Tale formulazione dell'eutanasia prevede un coinvolgimento in primo piano del medico curante, il quale è chiamato sia a constatare l'impossibilità della prosecuzione delle cure, sia ad aiutare il paziente nella realizzazione della sua scelta eutanasica. Essa ha avuto una prima forma di legittimazione in una legge approvata dal Parlamento olandese, la quale, pur non legalizzando ufficialmente l'eutanasia, ha di fatto reso non punibili i medici che la praticano. Una forma di filosofia eutanasica è riscontrabile pure alla base dell'operato del medico statunitense J. Kevorkian, il quale ha realizzato un dispositivo che consente ai pazienti di autosomministrarsi iniezioni letali. In questo caso, il medico si limita a prendere atto della volontà del paziente e a fornirgli lo strumento di autosoppressione, che potrà però essere attivato solo dal paziente stesso.
È evidente la differenza tra la forma di eutanasia che si è ora descritta e l'eutanasia genetica. Mentre quest'ultima aveva la sua ragion d'essere nella subordinazione degli interessi del singolo a quelli dello Stato, l'altra trae in buona parte la propria ispirazione dalla filosofia individualistica dei paesi di più antica tradizione liberale: facendo riferimento al principio di autodeterminazione del singolo, si riconosce al soggetto affetto da malattia grave e inguaribile il diritto di porre fine alla sua vita, essendosi questa apparentemente ridotta a mera sofferenza.
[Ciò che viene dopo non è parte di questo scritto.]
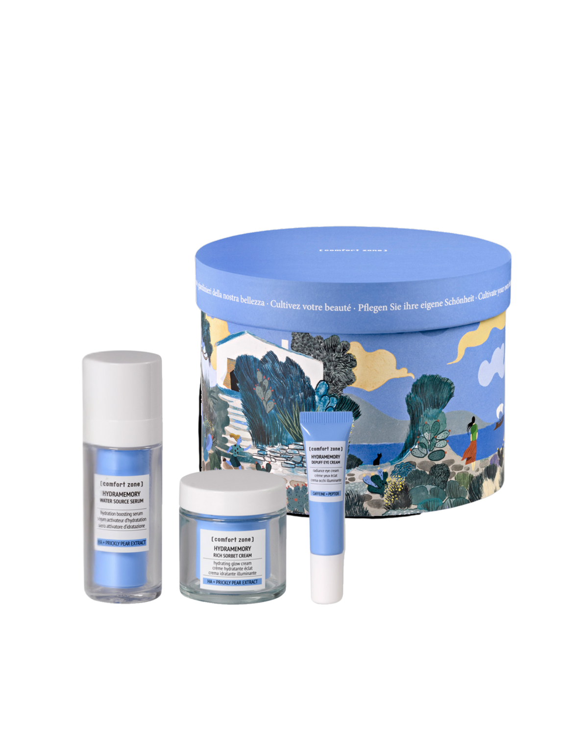 Supercharge your skin with a complete hydrating routine. Discover the limited-edition MEDITERRANEAN GARDEN Gift Box—perfect for bringing back glow and radiance to dry, dehydrated skin. The set contains our best-selling Hydramemory collection: Water Source Serum (30ml), Rich Sorbet Cream (60ml), and Depuff Eye Cream (15ml).
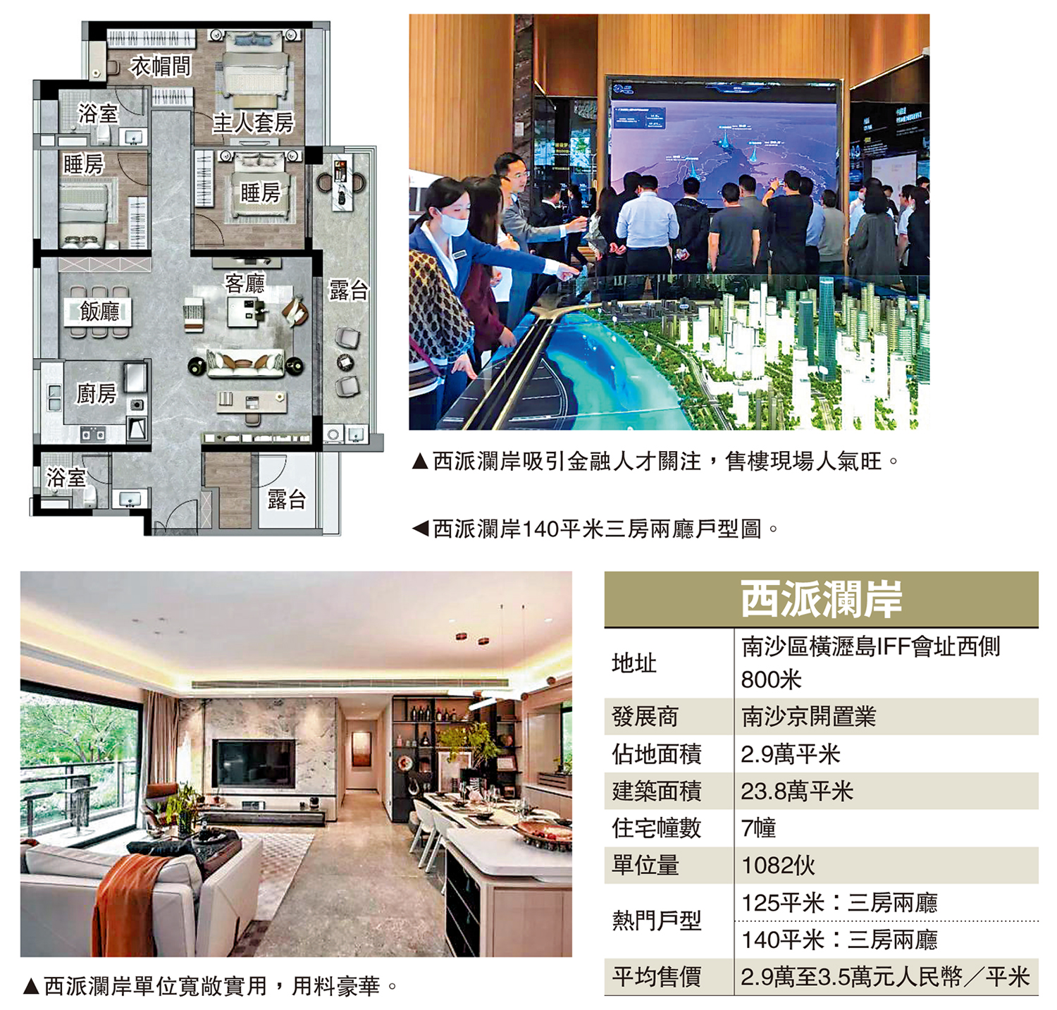 西派瀾岸位於明珠灣內以「全國首個國際金融島」定位的橫瀝島,面積200平米以上的大戶型去年12月開售當日一舉售罄,至今已連續3個月雄霸南沙金融島高端市場榜首。近期西派瀾岸加推125至140平米單位,銷售人員表示,加推的3號樓佔據社區景觀中軸位置,不僅直向中庭景觀,兼享南面江景視野,採光及通風效果俱佳。

Una terza forma di eutanasia è quella a volte definita come lenitiva, o indiretta, e si verifica quando il decesso del paziente è una conseguenza indiretta dell'uso dei farmaci analgesici somministrati. Di fatto, gli analgesici più potenti, soprattutto i morfinici, se usati in alte dosi, possono deprimere le funzioni cardiorespiratorie del paziente e, in teoria, portare alla loro cessazione, specialmente quando esse siano già compromesse da una malattia avanzata. Due precisazioni sono però necessarie. Va ricordato, anzitutto, che la terapia antalgica è realizzabile mediante molteplici approcci, e che solo di rado i farmaci analgesici vengono utilizzati a dosi tali da determinare depressione cardiorespiratoria. In secondo luogo, è necessario distinguere tra il caso in cui la depressione delle funzioni vitali del paziente è una conseguenza realmente indiretta, e non voluta, della somministrazione dei farmaci analgesici e il caso in cui tale conseguenza è cercata come effetto principale. In quest'ultima evenienza tale tipo di eutanasia coincide con il precedente e il farmaco analgesico diviene semplicemente lo strumento con il quale l'eutanasia stessa viene posta in atto. Ancora una volta sembra opportuno evidenziare come la natura eutanasica dell'intervento medico si collochi anzitutto al livello delle intenzioni.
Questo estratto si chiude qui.